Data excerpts
************
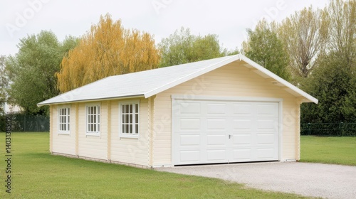 A charming single-story garage with a white exterior, surrounded by lush greenery. Designed for functionality, this structure blends seamlessly into its serene environment.
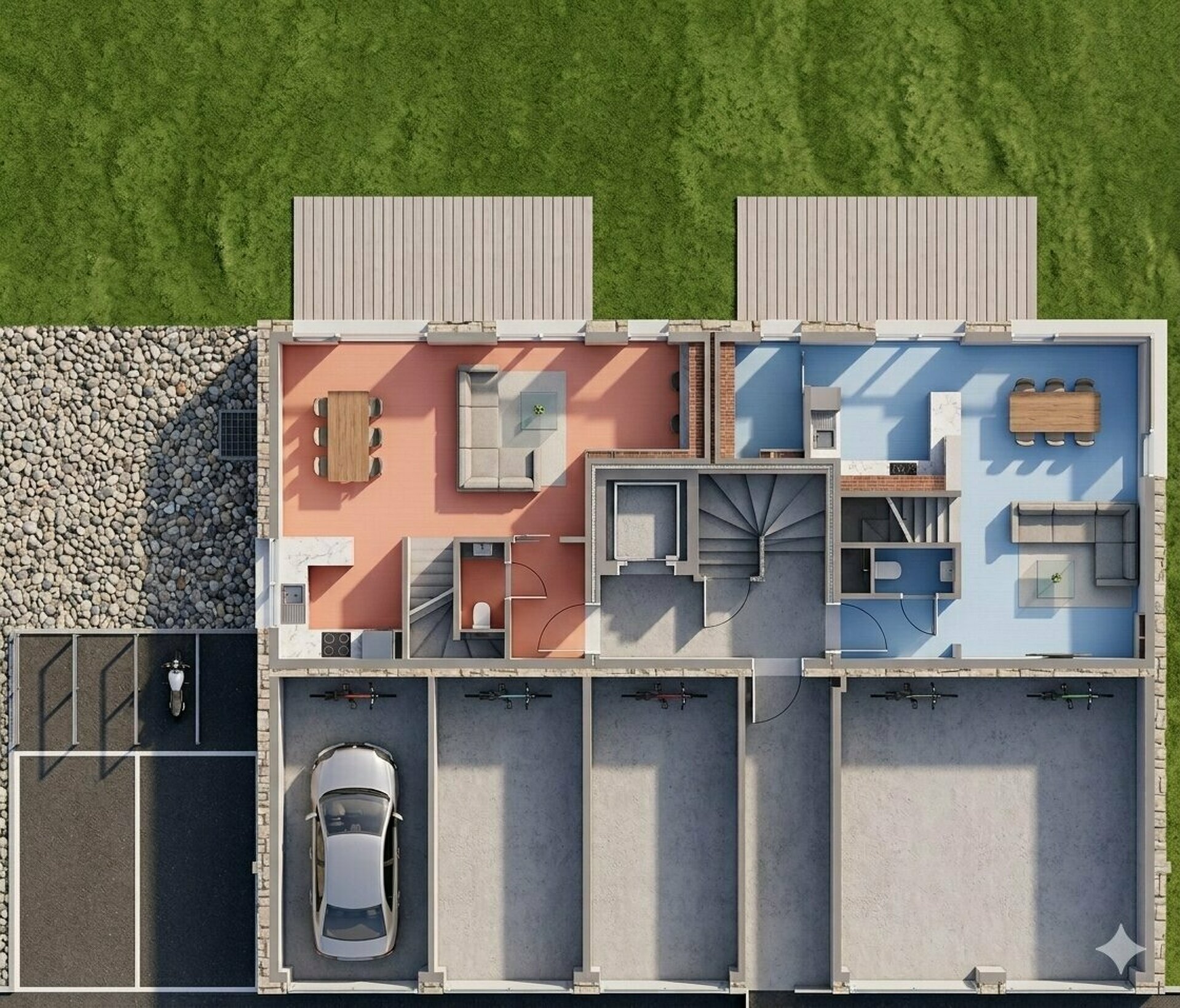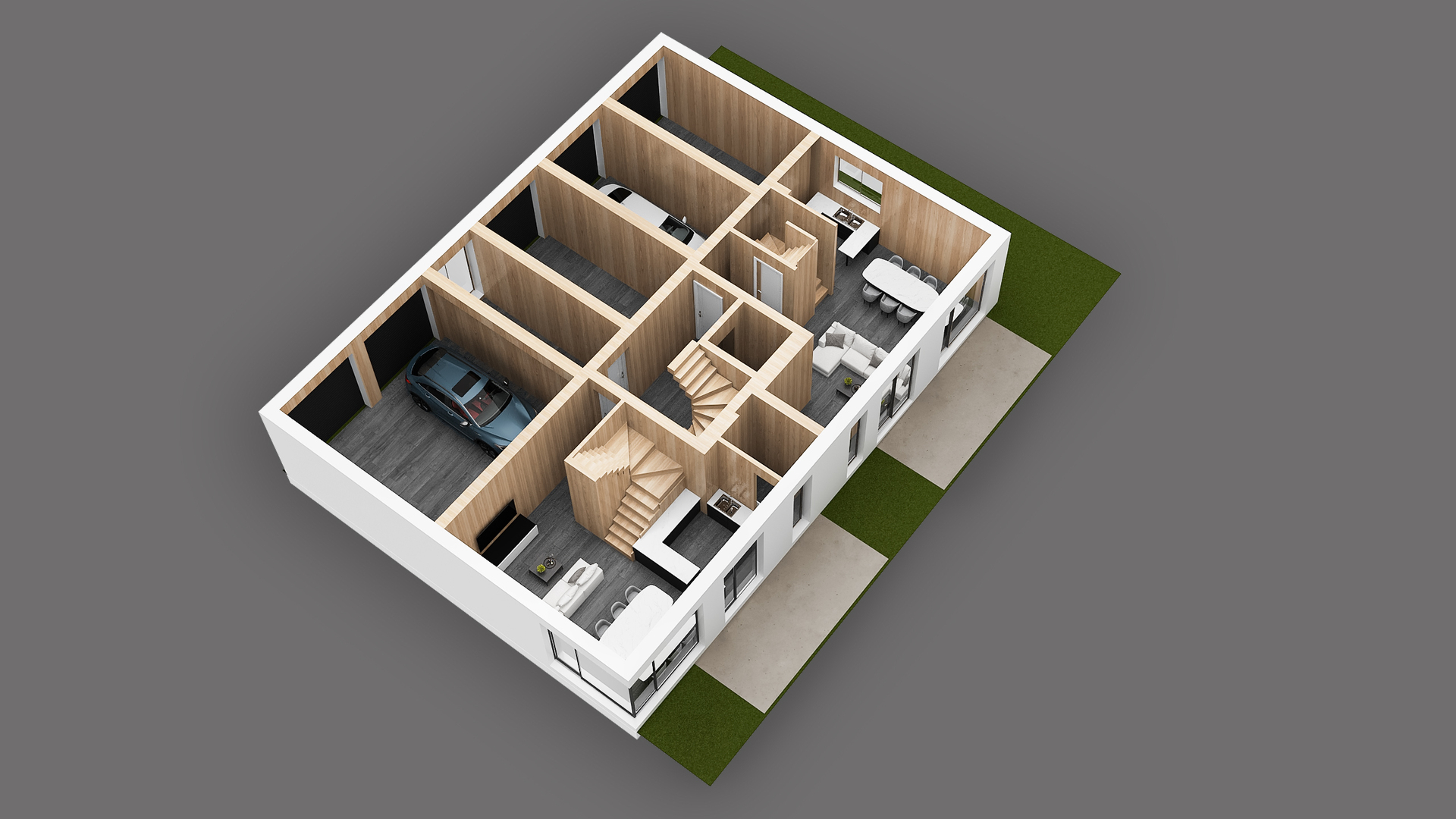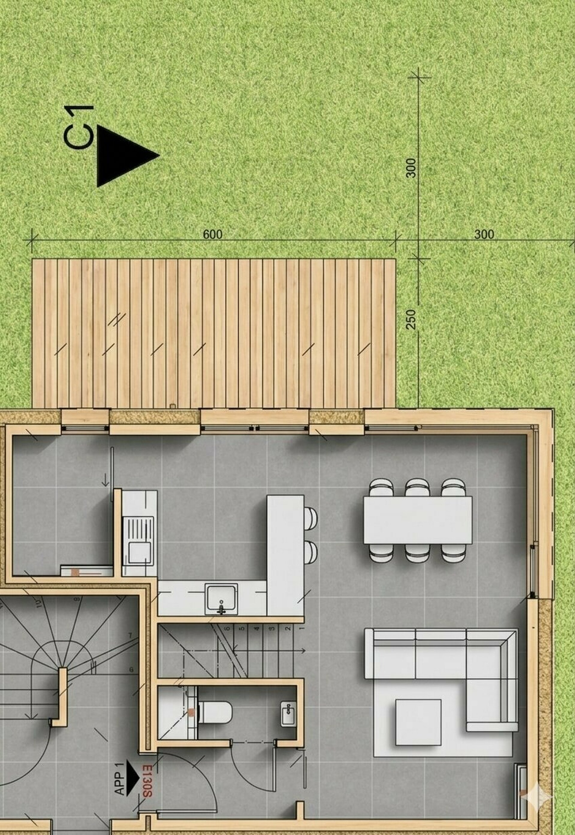 - un hall dentrée - un WC séparé pour vos invités - une cuisine et un séjour « open space » avec accès à une belle terrasse et à son jardin privatif - un cellier
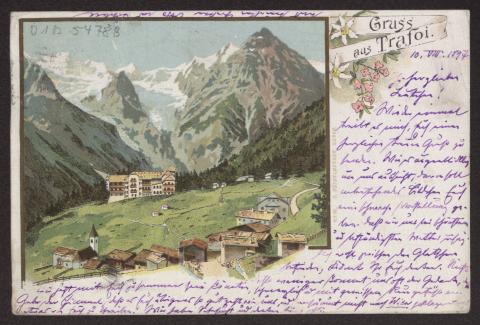 Transkription s. D 102-5500, zum Inhalt des Schreibens s. D 102-5503 Karte beidseitig beschrieben, Ansichtsseite zeigt farbige Zeichnung: "Gruss aus Trafoi", am rechten Bildrand "No. 10 S. Pötzelbeger Meran"
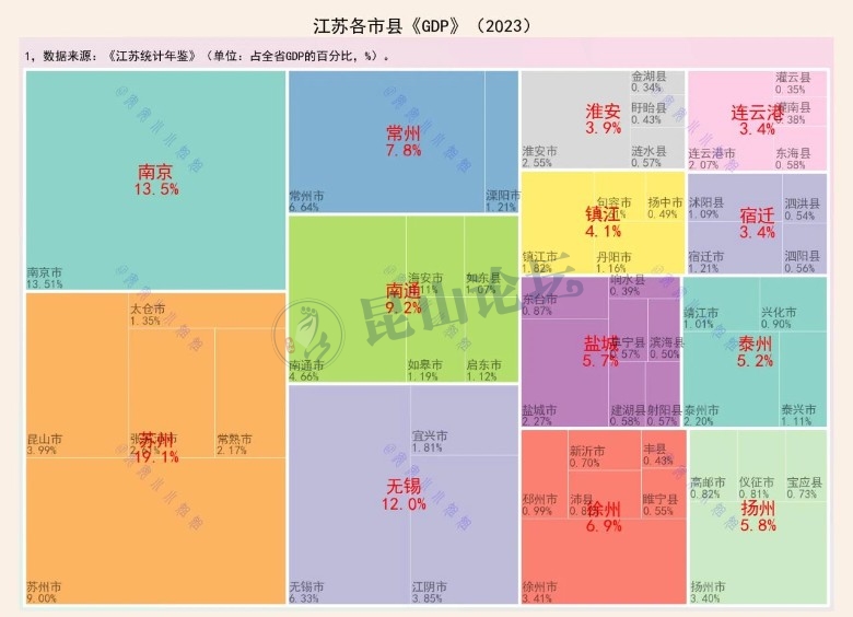 细心的网友会发现,盐城这一个大方块里,还有一个小的名为盐城的方块,这是因为在现行的行政区划体系中,地级盐城由三部分构成:盐城的市辖区、直接管辖的县和代管的县级市。为了更好区分他们的区别,以及考虑到散装的特性,在图表中,将市辖区作为一个整体进行统计。图表中,将江苏的财富划分为100份,即大家熟知的百分比,各区域名称下的数字,表示占江苏财富(GDP)的百分比。
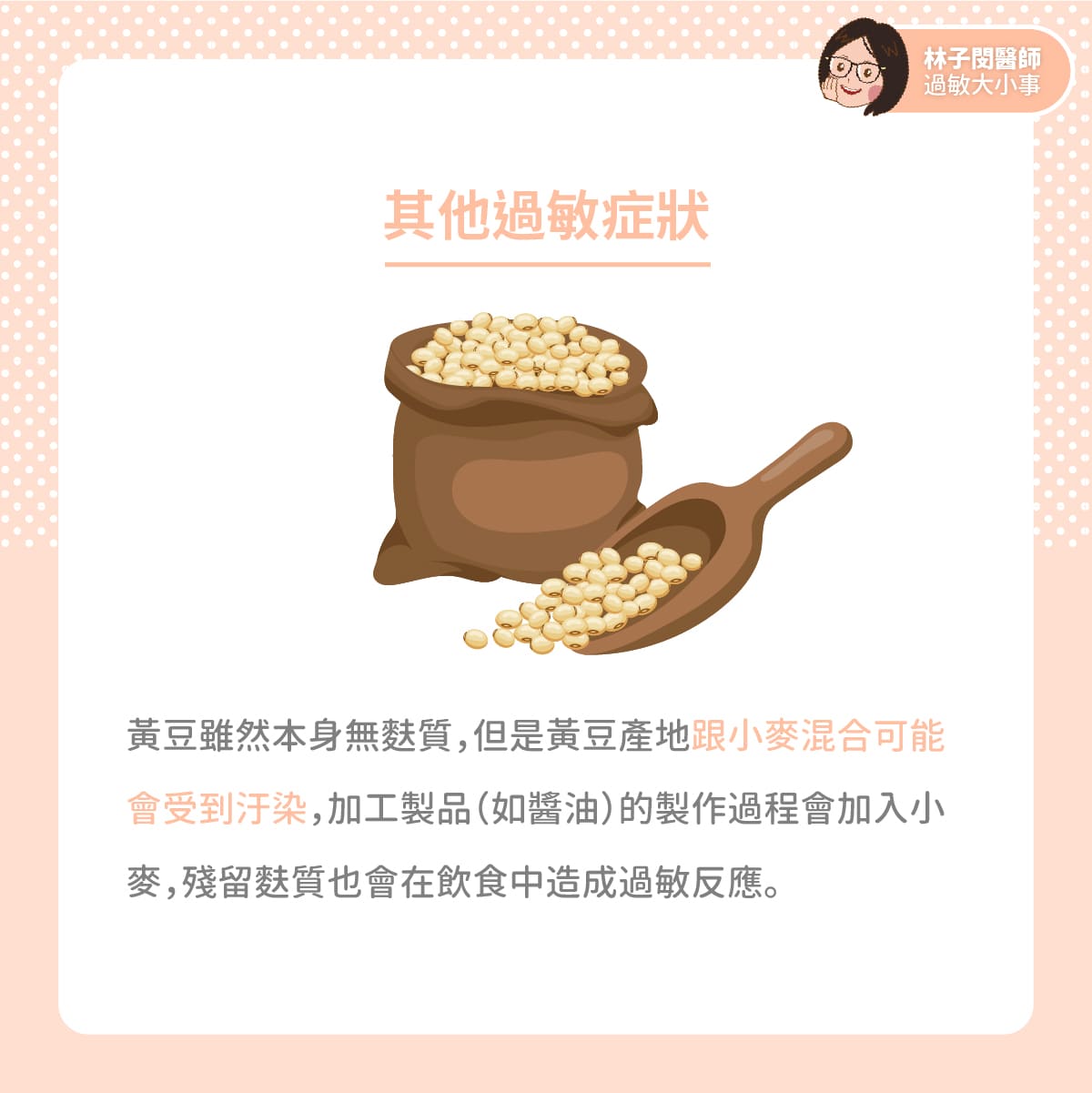 亞洲人的麩質過敏比例不高,但是在門診也遇過幾位麩質過敏的病人,以及運動誘發麩質過敏(WDEIA)的病患。有這樣子症狀的朋友,在選擇飲食的時候,對小麥和醬油製品都要特別注意。
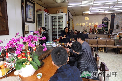 山水园林景观公司的杨枚良女士有多年的樱花引种、繁育、栽培、应用经验,在台湾业内素有“樱花女王”之称。考察期间,考察人员特地前往山水园景观公司拜访杨枚良女士,交流樱花引种、生产、栽培经验,并前往山水园林景观公司的樱花苗圃基地参观,实地考察台湾地区主要栽培樱花品种的生产、栽培情况。
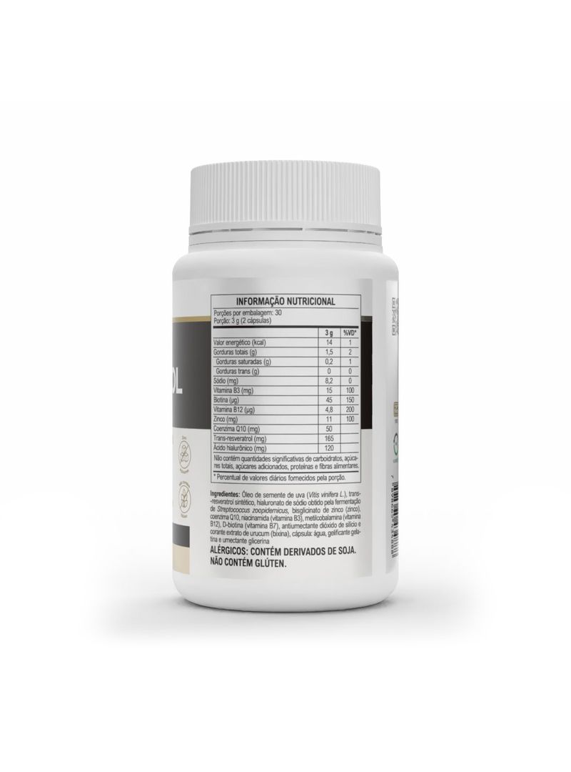 RESVERATROL PLUS® é um suplemento alimentar a base de óleo de semente de uva (Vitis vinifera L.), trans-resveratrol, ácido hialurônico, coenzima Q10, vitaminas B3, B12, biotina e zinco.
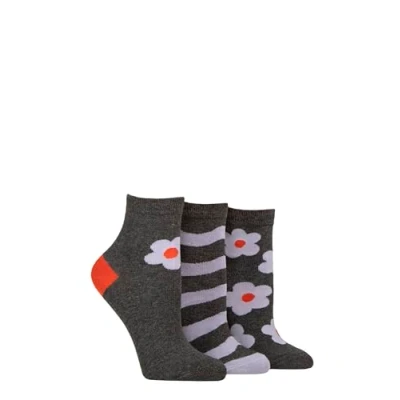 Women's 3 Pair Caroline Gardner Cotton Patterned Mid Length Crew Socks Charcoal / Lilac Flowers 4 8
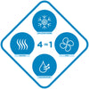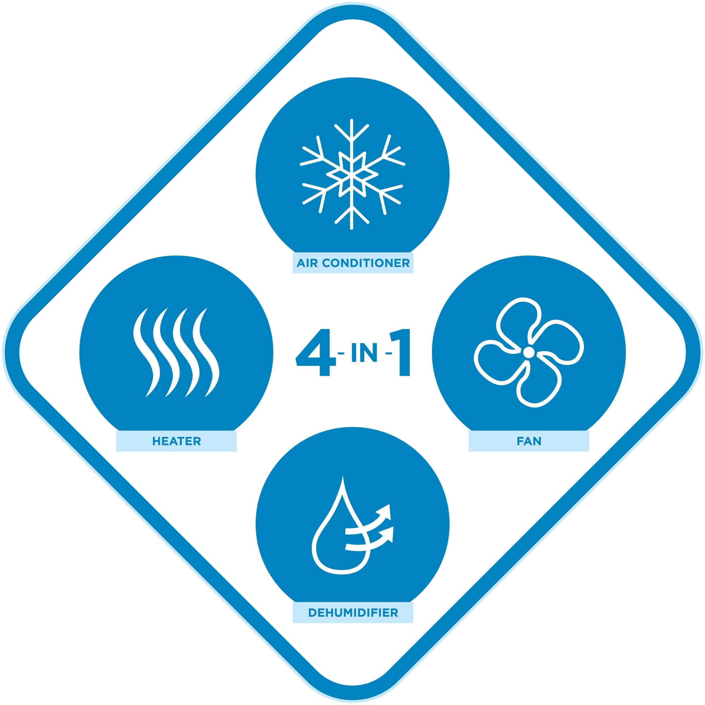 - 4-in-1 design: air conditioner, fan, dehumidifier, and heater for year-round use
************
Work item —
Output, line for line and exactly, the records above from their first line through the one with "亞洲人的麩質過敏比例不高,但", both ends included, but no pictures.

Answer to this problem —
 A charming single-story garage with a white exterior, surrounded by lush greenery. Designed for functionality, this structure blends seamlessly into its serene environment.
 - un hall dentrée - un WC séparé pour vos invités - une cuisine et un séjour « open space » avec accès à une belle terrasse et à son jardin privatif - un cellier
 Transkription s. D 102-5500, zum Inhalt des Schreibens s. D 102-5503 Karte beidseitig beschrieben, Ansichtsseite zeigt farbige Zeichnung: "Gruss aus Trafoi", am rechten Bildrand "No. 10 S. Pötzelbeger Meran"
 细心的网友会发现,盐城这一个大方块里,还有一个小的名为盐城的方块,这是因为在现行的行政区划体系中,地级盐城由三部分构成:盐城的市辖区、直接管辖的县和代管的县级市。为了更好区分他们的区别,以及考虑到散装的特性,在图表中,将市辖区作为一个整体进行统计。图表中,将江苏的财富划分为100份,即大家熟知的百分比,各区域名称下的数字,表示占江苏财富(GDP)的百分比。
 亞洲人的麩質過敏比例不高,但是在門診也遇過幾位麩質過敏的病人,以及運動誘發麩質過敏(WDEIA)的病患。有這樣子症狀的朋友,在選擇飲食的時候,對小麥和醬油製品都要特別注意。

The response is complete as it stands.